** Opening Dataset excerpts block **
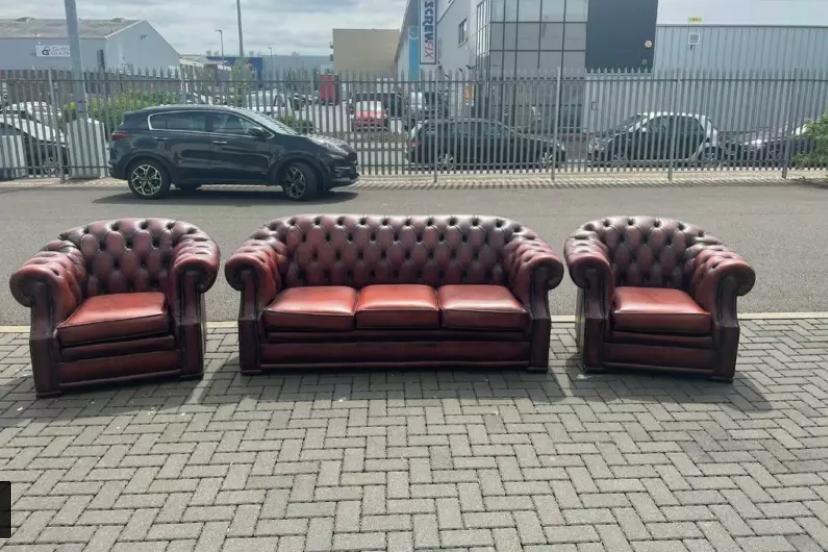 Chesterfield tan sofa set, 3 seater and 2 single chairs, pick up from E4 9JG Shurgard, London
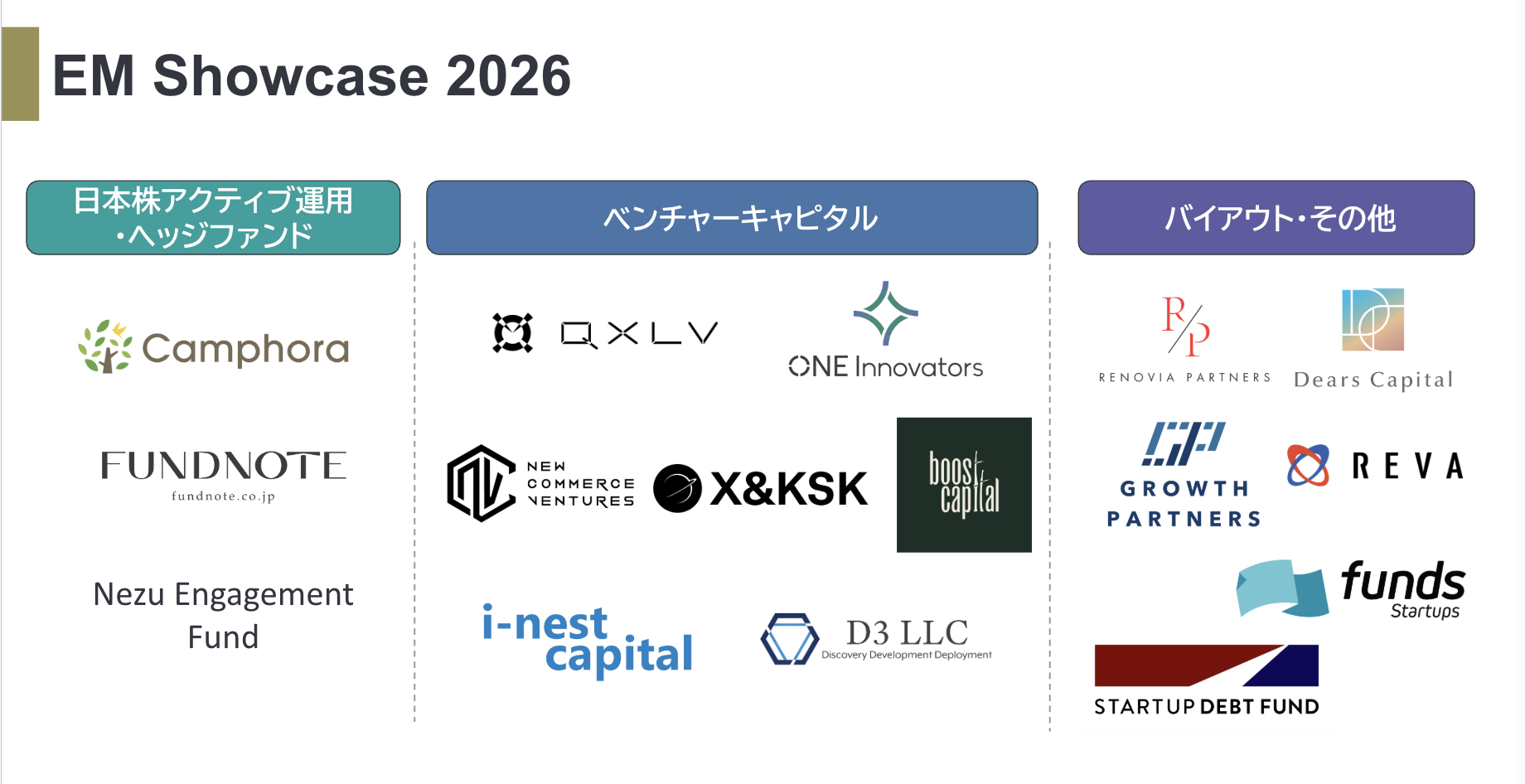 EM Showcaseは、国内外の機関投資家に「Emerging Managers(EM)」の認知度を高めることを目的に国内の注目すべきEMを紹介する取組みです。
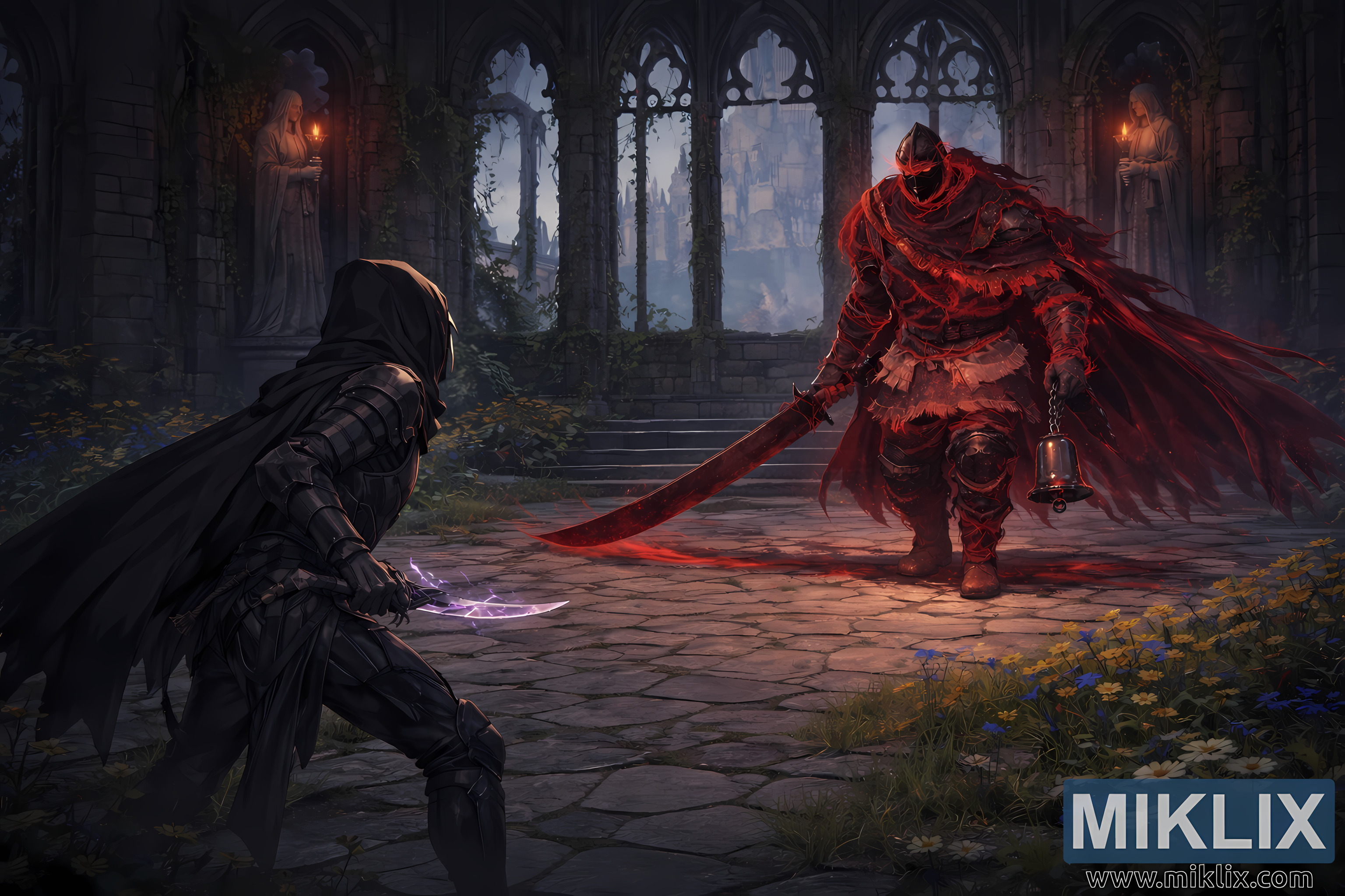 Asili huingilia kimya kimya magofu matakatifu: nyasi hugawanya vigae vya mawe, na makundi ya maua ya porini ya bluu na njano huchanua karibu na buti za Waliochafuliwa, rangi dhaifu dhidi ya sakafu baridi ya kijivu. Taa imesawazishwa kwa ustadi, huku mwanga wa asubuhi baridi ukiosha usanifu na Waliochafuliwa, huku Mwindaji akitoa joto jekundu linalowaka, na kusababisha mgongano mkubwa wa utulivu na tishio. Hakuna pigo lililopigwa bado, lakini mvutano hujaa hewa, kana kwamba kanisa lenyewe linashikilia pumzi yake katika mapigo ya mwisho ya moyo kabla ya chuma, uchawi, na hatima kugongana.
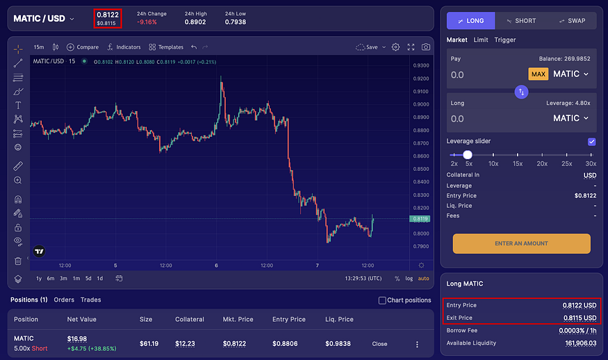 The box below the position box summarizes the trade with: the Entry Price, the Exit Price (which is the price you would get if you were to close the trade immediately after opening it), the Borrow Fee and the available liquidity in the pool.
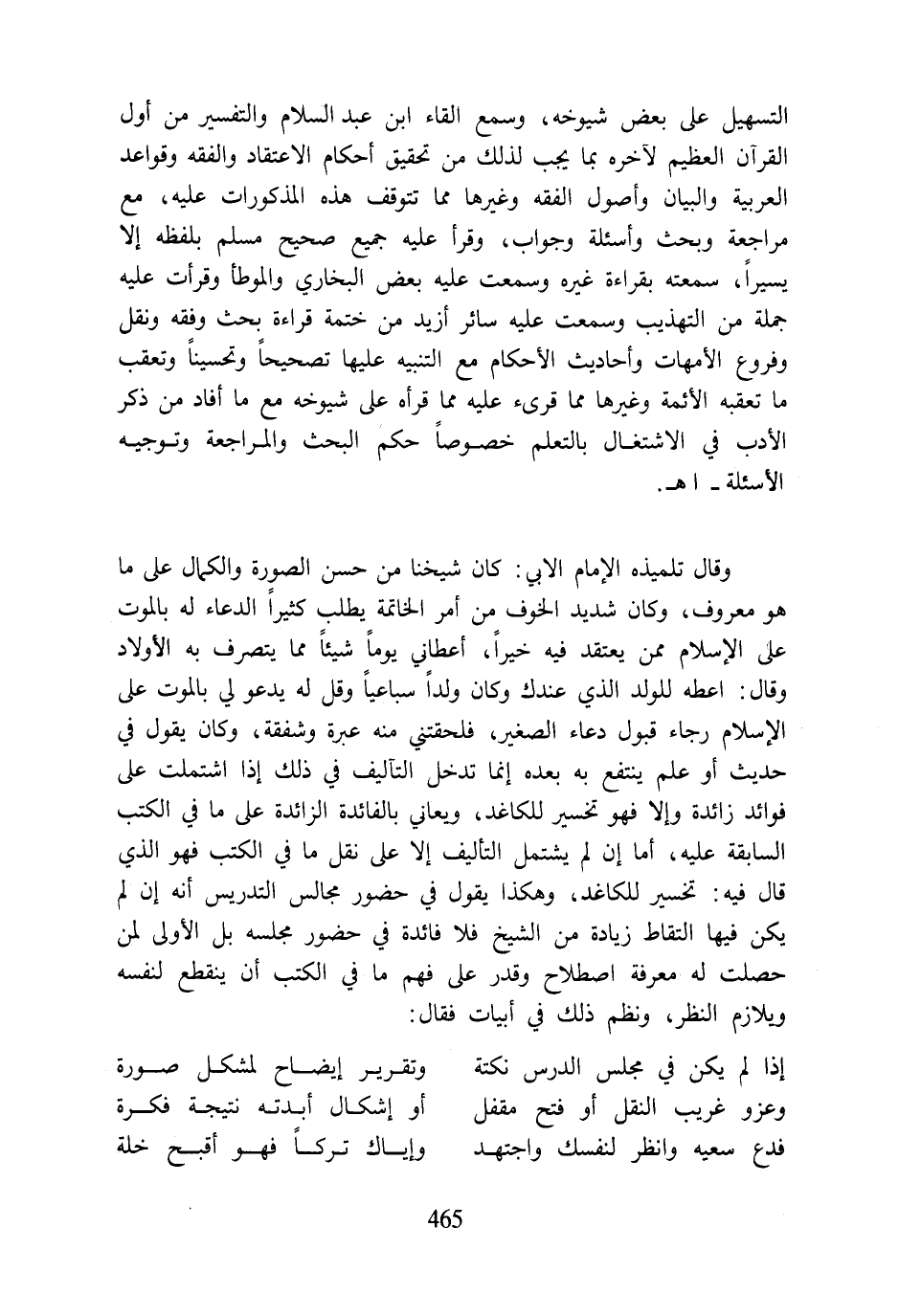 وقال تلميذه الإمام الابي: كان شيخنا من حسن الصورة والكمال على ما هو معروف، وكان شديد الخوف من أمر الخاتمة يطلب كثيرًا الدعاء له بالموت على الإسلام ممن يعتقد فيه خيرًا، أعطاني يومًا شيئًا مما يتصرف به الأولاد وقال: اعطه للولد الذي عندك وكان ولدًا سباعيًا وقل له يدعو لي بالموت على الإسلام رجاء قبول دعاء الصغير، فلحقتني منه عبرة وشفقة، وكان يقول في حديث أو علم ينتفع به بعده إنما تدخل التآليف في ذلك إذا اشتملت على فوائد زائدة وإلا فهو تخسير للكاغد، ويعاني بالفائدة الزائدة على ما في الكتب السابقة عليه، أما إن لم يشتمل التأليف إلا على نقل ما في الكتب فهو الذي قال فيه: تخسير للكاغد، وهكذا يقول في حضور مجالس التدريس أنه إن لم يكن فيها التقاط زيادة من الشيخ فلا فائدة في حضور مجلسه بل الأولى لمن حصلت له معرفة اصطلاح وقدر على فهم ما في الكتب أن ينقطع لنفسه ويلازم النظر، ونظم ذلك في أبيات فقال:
** Closing Dataset excerpts block **
Please repeat, with no pictures, each line from the start of the records above through the line with "Asili huingilia kimya", inclusive, and only those.

 Chesterfield tan sofa set, 3 seater and 2 single chairs, pick up from E4 9JG Shurgard, London
 EM Showcaseは、国内外の機関投資家に「Emerging Managers(EM)」の認知度を高めることを目的に国内の注目すべきEMを紹介する取組みです。
 Asili huingilia kimya kimya magofu matakatifu: nyasi hugawanya vigae vya mawe, na makundi ya maua ya porini ya bluu na njano huchanua karibu na buti za Waliochafuliwa, rangi dhaifu dhidi ya sakafu baridi ya kijivu. Taa imesawazishwa kwa ustadi, huku mwanga wa asubuhi baridi ukiosha usanifu na Waliochafuliwa, huku Mwindaji akitoa joto jekundu linalowaka, na kusababisha mgongano mkubwa wa utulivu na tishio. Hakuna pigo lililopigwa bado, lakini mvutano hujaa hewa, kana kwamba kanisa lenyewe linashikilia pumzi yake katika mapigo ya mwisho ya moyo kabla ya chuma, uchawi, na hatima kugongana.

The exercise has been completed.